Birmingham News‘ and Mobile Press-Register‘s offices for sale after Alabama Media Group opens “modern, high-tech space easy for the public to access” in Huntsville and Montgomery, and moves much of NOLA Media Group and Syracuse Media Group to new digs
FOR SALE: Downtown newspaper headquarters in two of the Heart of Dixie’s largest cities. One built in 2002, the other in 2006. Instant income at Mobile facility through lease-back agreement of production plant with existing owner.
Alabama Media Group earlier today announced its next steps in embracing Advance Publications’ new “digital first” playbook. It will move its remaining employees from relatively new downtown offices in the state’s largest and third-largest cities “to space … more suitable for the companies’ digitally-focused operations.”
In a tweet earlier today, Scott Walker, an anchor at New Orleans’ WDSU-TV, asked if The Times-Picayune‘s longtime headquarters at 3800 Howard Ave. will be next up on the auction block. Most NOLA Media Group employees moved to new penthouse offices in Canal Place last week, although some production and editing function remain at the old facility, along with the printing presses and circulation/delivery functions and their employees. No announcements have been made about the large portions of the building that are now empty.
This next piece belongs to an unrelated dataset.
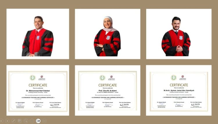 حصادنيوز – في إطار سعي جامعة عمّان الأهلية لتعزيز كفاءة كوادرها الأكاديمية وتبني أحدث الاتجاهات في تطوير التعليم، وبدعم سخي من الجامعة، شارك مجموعة من أعضاء هيئة التدريس في البرنامج المتقدم “شهادة التدريس والتعلّم المُعزّز بالذكاء الاصطناعي”، الذي نظمه اتحاد الجامعات العربية وجامعة أبو ظبي .

NOLA Media Group’s new space also belies the “easy for the public to access” mantra adopted by other Advance locations. The offices are on the 31st and 32nd floors of the highrise at the foot of Canal Street at the Mississippi River and adjacent to the French Quarter – which is often one of the most congested and difficult-to-navigate areas in the city. Some employees already have raised concerns about their ability to quickly get to breaking news from the location, especially during high-traffic events such as Carnival and Feb. 3′s Super Bowl, which is being played at the city’s Superdome.
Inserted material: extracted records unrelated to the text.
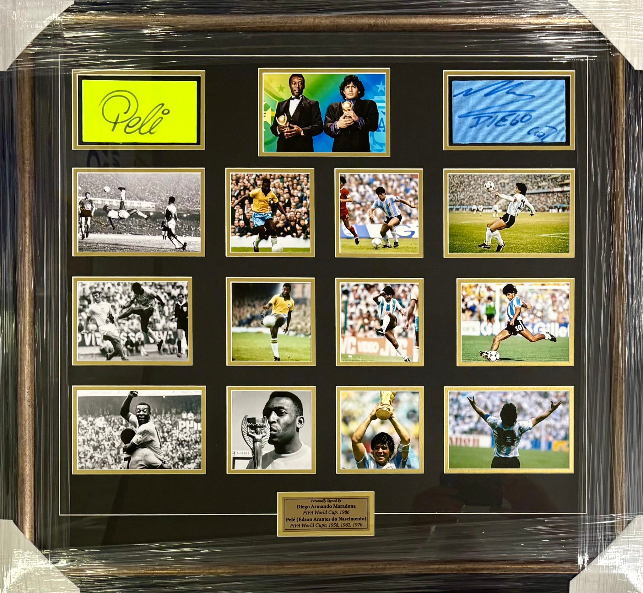 PELE “Brazil” & DIEGO MARADONA “Argentina” Signed Photo Collage Display, Framed.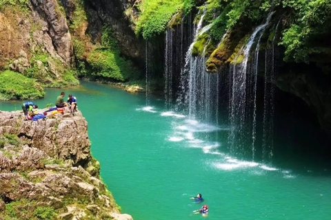 08:30抵达马拉河景区停车场、领队分发门票领取人体漂流装备(安全帽、安全衣)、由景区安全员带入景区、亲身体验激情无险、人体漂流、跳潭乐趣。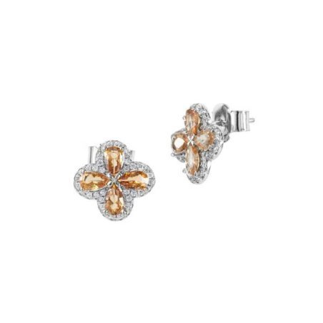Orecchini a lobo in bronzo rodiato con quadrifoglio in pavè di zirconi e fiore centrale di colore peach.

The report on AL.com followed by two days a similar story on Advance’s Syracuse.com offering details of the new space it will occupy along with the city’s newspaper. “Unlike The Post-Standard newsroom, where desk phones ring at cubicles and papers overflow from filing cabinets, the new location is mostly open space with a variety of work stations, but no assigned seats and no place to store documents or display personal effects,” according to a story by reporter Tim Knauss.
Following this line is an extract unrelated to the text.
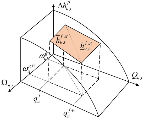 Constraints (3a) and (3b) show that the water head gain generated by pump u and the power consumed by pump u follow a nonlinear bivariate function associated with the speed of pump u and the water flow rate of pump u. As shown in Figure 5, the procedure of the linearization of Constraints (3a) and (3b) can therefore be performed using a convex combination triangulation method [36].

Beginning Feb. 3, The Post-Standard and sister paper the Harrisburg, Pa. Patriot News, will follow the lead of The Times-Picayune and Advance’s Alabama and Michigan papers, and reduce home delivery to three days a week. However, diehard print Post-Standard readers are getting a concession not being offered in other markets: it also will be printed the remaining four days a week and be available at newsstands in Syracuse’s Onondaga County.
In December, the company announced that it would move the Huntsville Times – “the birth city of AL.com 15 years ago,” Alabama Media Group President Cindy Martin told WHNT-TV - downtown from its longtime home on the city’s Memorial Parkway main drag. The company also has opened new, modern offices in Montgomery, the state’s capital.
The 110,000-square-foot home of the Birmingham News and its parking lot across the street, will be sold, AL.com reported, while the company will keep the adjacent production facility. In Mobile, the company intends to sell both the office and production plant, but wants to lease back the plant from the new owner.
The story also included another, albeit unrelated, tidbit: circulation of Advance’s Alabama newspapers has decreased since the Oct.1 advent of thrice-weekly publication, Pam Siddall, president of Advance Central Services Alabama, told AL.com’s statewide industry reporter Dawn Kent. Sidall did not quantify the drop, but said circulation “remains above expectations.” Her statement is in contrast to those made by NOLA Media Group representatives, who have said The Times-Picayune‘s circulation has increased since its switch to three-day-a-week circulation.
Advance may have difficulty finding buyers for such large spaces, according to Kent’s report. Several large buildings are already available in Birmingham, and “we just don’t get the influx of companies that size that are looking in Birmingham,” local real estate agent Dan Lovell commented.